• What the task asks:
Your answer should be the records, copied exactly, with the pictures removed.

• Records from a dataset:
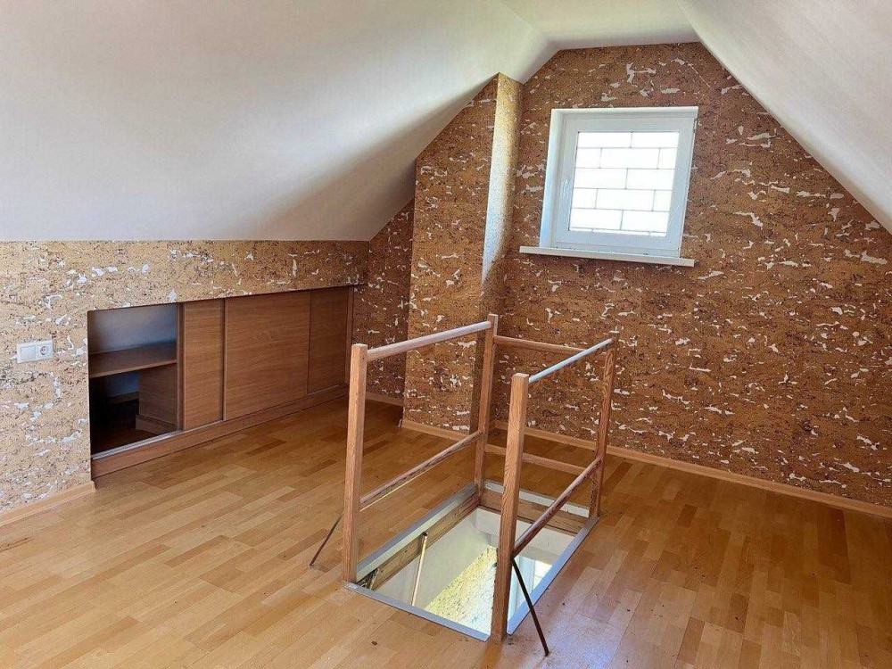 Фасадное наружное утепление и утепление полов 1 этажа - с использованием изоляционных панелей из черной агломерированной пробки по технологии EXPOCOR, материал обладает уникальной тепло- и звукоизоляцией, долговечностью и устойчивостью к влаге, металлопластиковые окна с защитными металлическими роллетами.
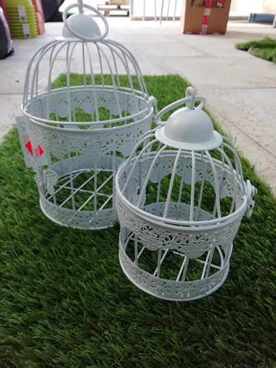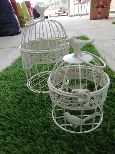 • Duas gaiolas decorativas brancas de metal sobre tapete verde semelhante a relva
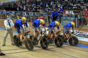 I campioni olimpici cominciano nel migliore dei modi la caccia al titolo iridato nell’inseguimento a squadre ai Mondiali di ciclismo su pista 2021 in corso a Roubaix (Francia). Filippo Ganna, Jonathan Milan, Simone Consonni e Francesco Lamon, ovvero i medesimi componenti del quartetto che qualche mese fa si prese la gloria imperitura di Olympia, hanno stampato il miglior tempo assoluto nel primo round di qualificazione, accedendo in semifinale e, soprattutto, candidandosi di prepotenza al gradino più alto del podio.
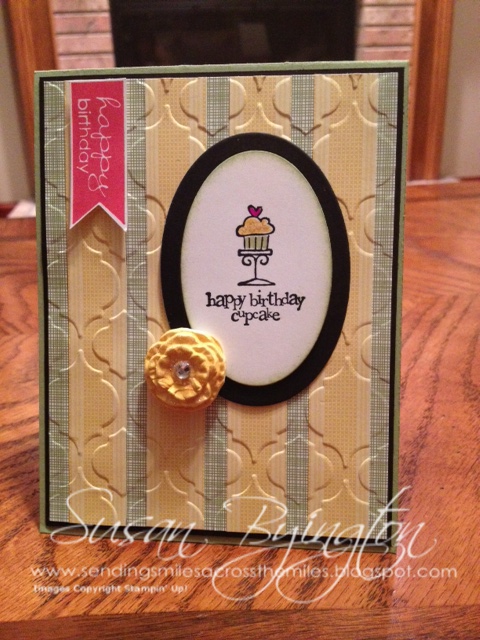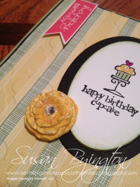 Here is a sneak peek into some of the upcoming products in the new 2013-2014 catalog. This is the birthday card I made for my daughter using several brand new items. It has a fun feel to it, while being just classy enough. I layered strips of DSP together, then ran it through the Big Shot with the new Modern Mosaic Embossing Folder for some great texture; and I also used the DSP for the inside to give it more pop! The adorable flower was made using the new Simply Pressed Clay & Mold from the new catalog, and I just colored it with a Daffodil Delight Marker. Sooooo simple! It’s so fun and easy to make your own bling and color it to match with this new product! I absolutely LOVE it!!!
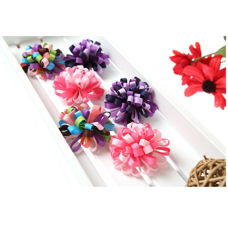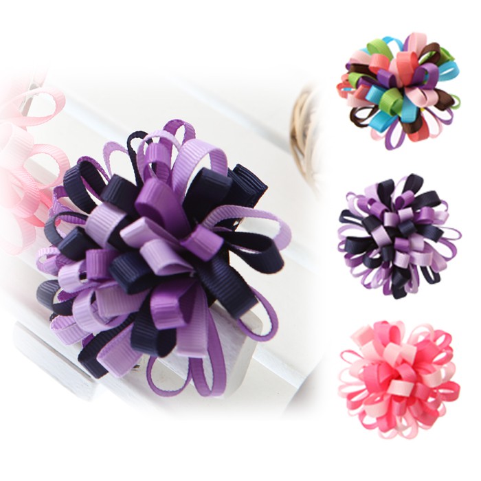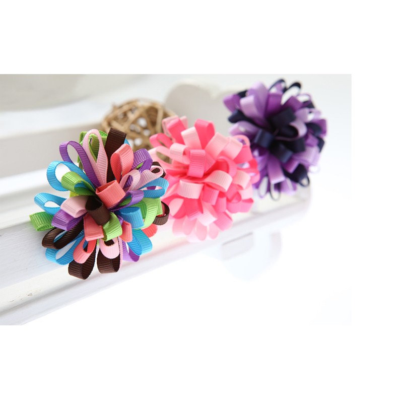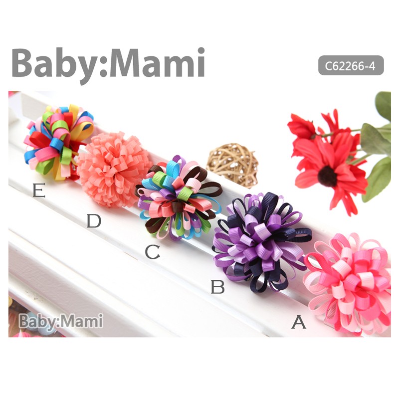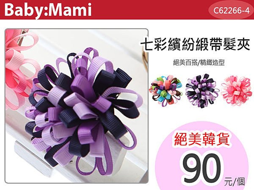 夢幻七彩繽紛緞帶花朵造型髮夾 【62266-4】貝比幸福小舖

• Answer to the exercise:
 Фасадное наружное утепление и утепление полов 1 этажа - с использованием изоляционных панелей из черной агломерированной пробки по технологии EXPOCOR, материал обладает уникальной тепло- и звукоизоляцией, долговечностью и устойчивостью к влаге, металлопластиковые окна с защитными металлическими роллетами.
 • Duas gaiolas decorativas brancas de metal sobre tapete verde semelhante a relva
 I campioni olimpici cominciano nel migliore dei modi la caccia al titolo iridato nell’inseguimento a squadre ai Mondiali di ciclismo su pista 2021 in corso a Roubaix (Francia). Filippo Ganna, Jonathan Milan, Simone Consonni e Francesco Lamon, ovvero i medesimi componenti del quartetto che qualche mese fa si prese la gloria imperitura di Olympia, hanno stampato il miglior tempo assoluto nel primo round di qualificazione, accedendo in semifinale e, soprattutto, candidandosi di prepotenza al gradino più alto del podio.
 Here is a sneak peek into some of the upcoming products in the new 2013-2014 catalog. This is the birthday card I made for my daughter using several brand new items. It has a fun feel to it, while being just classy enough. I layered strips of DSP together, then ran it through the Big Shot with the new Modern Mosaic Embossing Folder for some great texture; and I also used the DSP for the inside to give it more pop! The adorable flower was made using the new Simply Pressed Clay & Mold from the new catalog, and I just colored it with a Daffodil Delight Marker. Sooooo simple! It’s so fun and easy to make your own bling and color it to match with this new product! I absolutely LOVE it!!!
 夢幻七彩繽紛緞帶花朵造型髮夾 【62266-4】貝比幸福小舖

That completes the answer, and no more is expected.